BRIEF DESCRIPTION OF THE DRAWINGS
[0008] The present invention will hereinafter be described in
conjunction with the following drawing figures, wherein like
numerals denote like elements, and:
[0009] FIG. 1 is a schematic drawing of an electric power steering
system for a vehicle that has a steering column, a torsion bar, a
detection unit, a controller, a torsion bar adjuster, and an
electric motor, accordance with an exemplary embodiment of the
present invention;
[0010] FIG. 2 is a schematic drawing of a portion of the electric
power steering system of FIG. 1, depicting the torsion bar, the
detection unit, and the torsion bar adjuster thereof, in accordance
with an exemplary embodiment of the present invention; and
[0011] FIG. 3 is a flowchart of a method for retrofitting an
electric power steering system of a vehicle to include an active
torsion bar, such as in the electric power steering system of FIG.

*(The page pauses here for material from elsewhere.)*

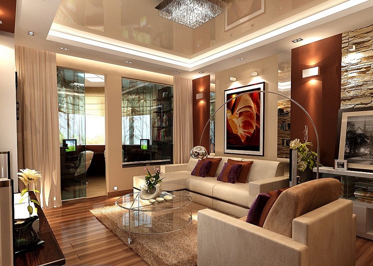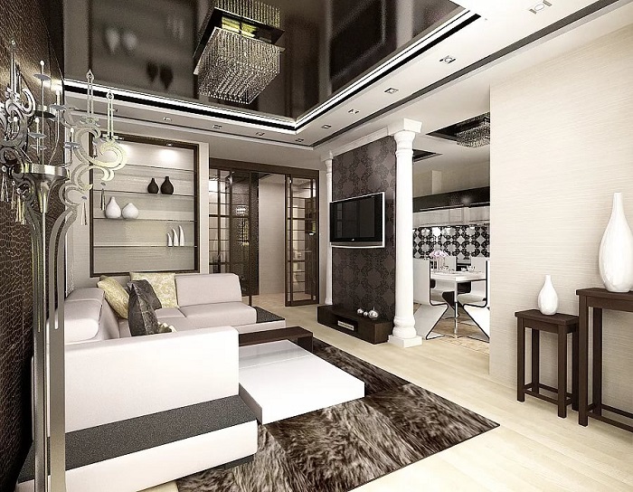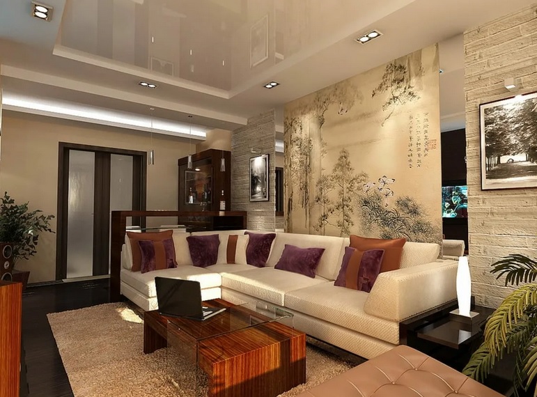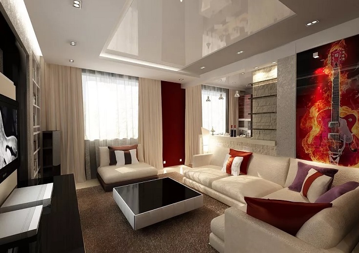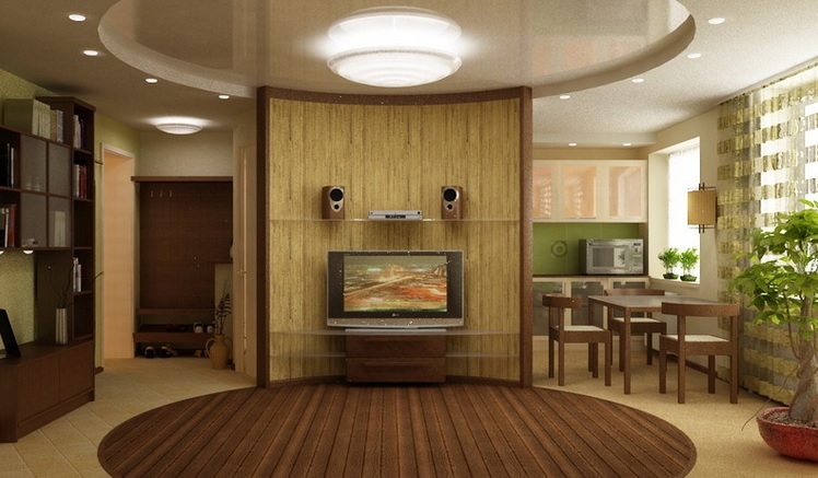 Ma la suddivisione in zone del soffitto sta diventando sempre meno popolare, perché le persone stanno cercando di abbandonare i soffitti a più livelli, rivolgendosi a forme, linee, colori e materiali naturali semplici nella progettazione dell'orizzontale più alto dell'abitazione.

1, in accordance with an exemplary embodiment of the present
invention.
DETAILED DESCRIPTION OF A PREFERRED EMBODIMENT
[0012] The following detailed description of the invention is
merely exemplary in nature and is not intended to limit the
invention or the application and uses of the invention.
Furthermore, there is no intention to be bound by any theory
presented in the preceding background of the invention or the
following detailed description of the invention.
[0013] FIG. 1 is a schematic drawing of an electric power steering
system 100 for a vehicle having road wheels 101 and a steering
wheel 102, in accordance with an exemplary embodiment of the
present invention. The electric power steering system 100 includes
a steering column 104, a torsion bar 106, a controller 108, and an
electric motor 109. In the depicted embodiment, the electric power
steering system 100 also includes a pinion shaft 110, a control
pinion 111, an assist pinion 112, a rack 113, tie rods 114, a motor
shaft 115, a detection unit 116, and a torsion bar adjuster
118.
[0014] The steering column 104 is coupled to the steering wheel
102, and is rotationally movable thereby. The steering column 104
is configured to at least facilitate movement of the road wheels
101 based at least in part on movement of the steering wheel
102.
[0015] The torsion bar 106 is coupled to the steering column 104,
and is configured to receive a torque therefrom during rotational
movement of the steering column 104. In conjunction with the
torsion bar adjuster 118 and controller 108, the torsion bar 106 is
an active torsion bar whose stiffness is adjustable by means of the
controller 108, for example based on vehicle speed, vehicle
acceleration, steering wheel displacement, steering load, and/or
other parameters or conditions. As depicted in FIG. 1, the torsion
bar 106, the detection unit 116, and the torsion bar adjuster 118
are housed together in a common housing 105. However, this may vary
in other embodiments.
[0016] The pinion shaft 110 is coupled between the torsion bar 106
and the plurality of road wheels 101, and is configured to
rotationally move based at least in part on the torque.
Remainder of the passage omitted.